[Lecture] Sonja Avlijaš – Women, work and social reproduction after 1989 (SolidCare Lab)
🗓 11. May 🕒 12:00pm 🔹 IFDT
My theoretical approach takes on a Marxist-feminist perspective on everyday life under capitalism in countries that used to be socialist. If an economy is dependent on workers’ labour, who then produces the worker? We all know, although many of us tend to forget, that social reproduction never stops. People of all classes, genders and racial backgrounds need to be fed, schooled, nurtured, washed and dressed on a daily basis, whether they are children, working age adults or elderly. Who does this work for all of us? Is it the state, the market, family, or gendered individuals? How have these roles shifted since the end of socialism and withdrawal of the state from the provision of social reproduction related services within the post-socialist space? How have transnationalisation of markets and proliferation of migrant-based systems of care in advanced capitalist economies affected care relations in the post-socialist periphery? Which of these processes have exploited us, and which have empowered us?

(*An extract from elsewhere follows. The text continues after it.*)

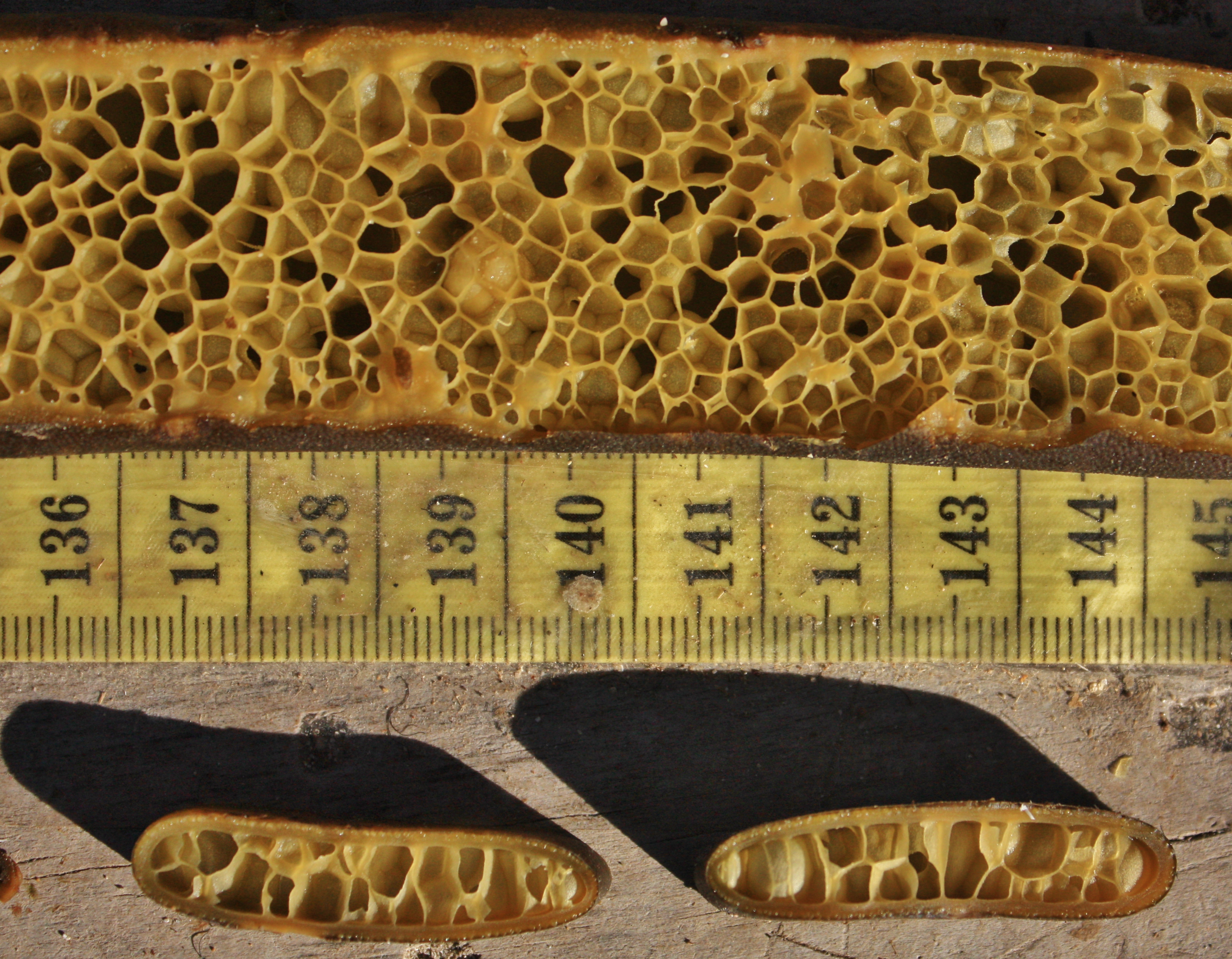 Longitudinal and transversal cuts in fronds of Durvillaea antarctica, showing the air-filled honeycomb structures that give the alga its buoyancy. Specimen from Pichicuy, Chile.
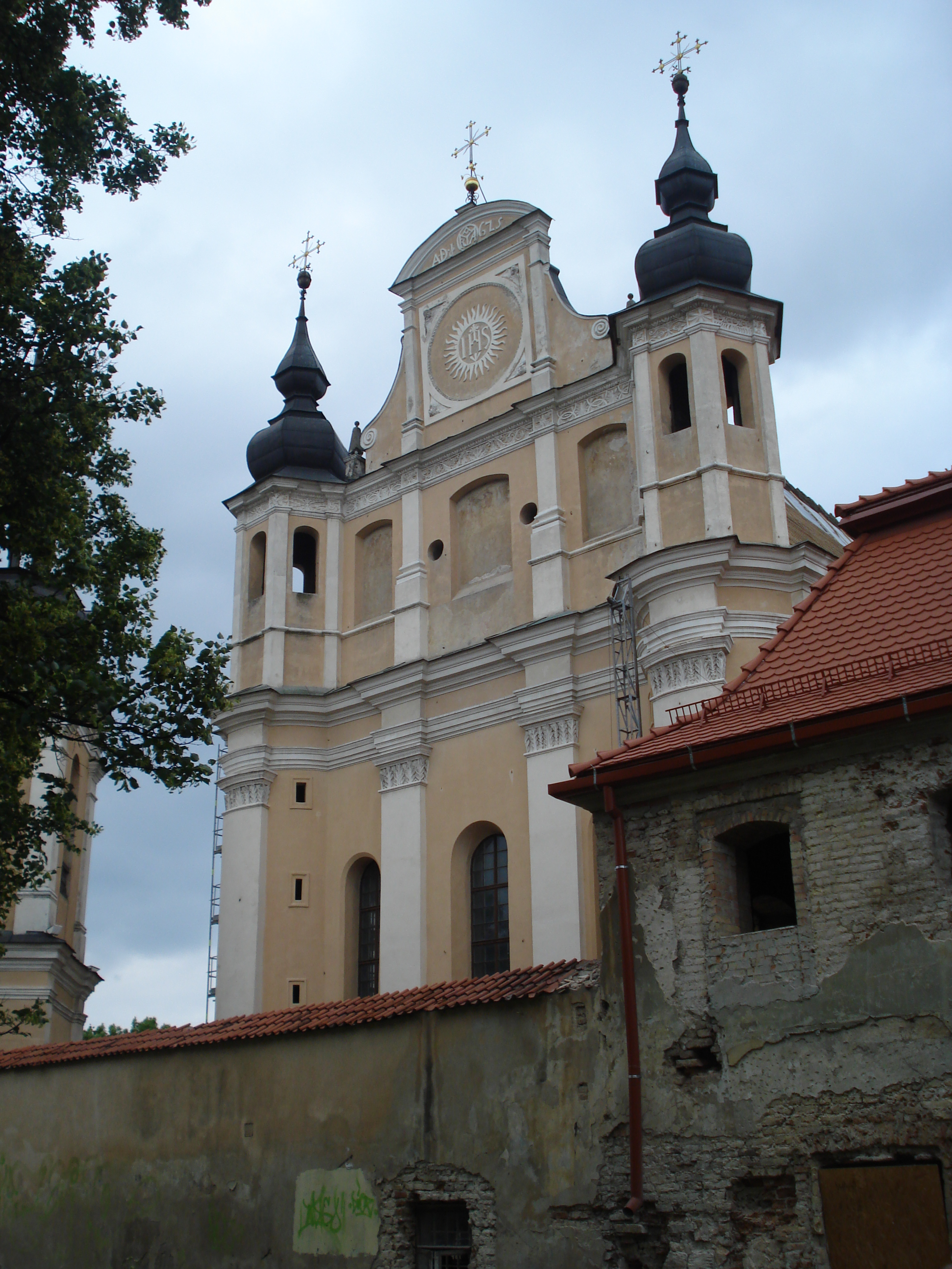 Church of St. Michael in Vilnius. Courtyard

Who are we referring to when we say “we”? Are we all the same?
As I explore these questions, I will discuss structural factors that reproduce inequalities between productive and reproductive labour at the global scale. I will speak truth to power, if you will. But by highlighting the ambivalences of our everyday existence, I will also do something else. I will delve into the interpersonal politics of our own conflicting economic and care needs which often reproduce existing power relations. My aim is to push us beyond a social critique of what we know about capitalism as an external force that makes us feel helpless, and our nostalgia for a more secure (socialist) past. I want us to also visit the unknown and uncomfortable space of imagining political and social coalitions that would allow us all to hold more collective space for social reproduction.
Bio
Sonja Avlijaš holds a PhD in political economy from the London School of Economics and Political Science (LSE). Since 2020, she has been a Marie Sklodowska-Curie Fellow at the University of Belgrade‘s Faculty of Economics, financed by a Horizon 2020 grant from the European Commission. She is also associate researcher at the Laboratory for Interdisciplinary Evaluation of Public Policies (LIEPP) at Sciences Po in Paris. Between January and April 2022, Dr Avlijaš has held the Wayne Vuchinich Fellowship at Stanford University in California. Dr Avlijaš is a member of the Executive Board of the European Association for Comparative Economic Studies (EACES), following her receipt of the 2018 EACES PhD Thesis Award for the best doctoral dissertation. She is the author of numerous scientific papers and publications focussing on labour markets, welfare states, social reproduction and the post-socialist semiperiphery. For her book “Women and Work: Towards a Political Economy of Transition”, published by Akademska Knjiga (Novi Sad), she received the „Anđelka Milić” Prize in 2018.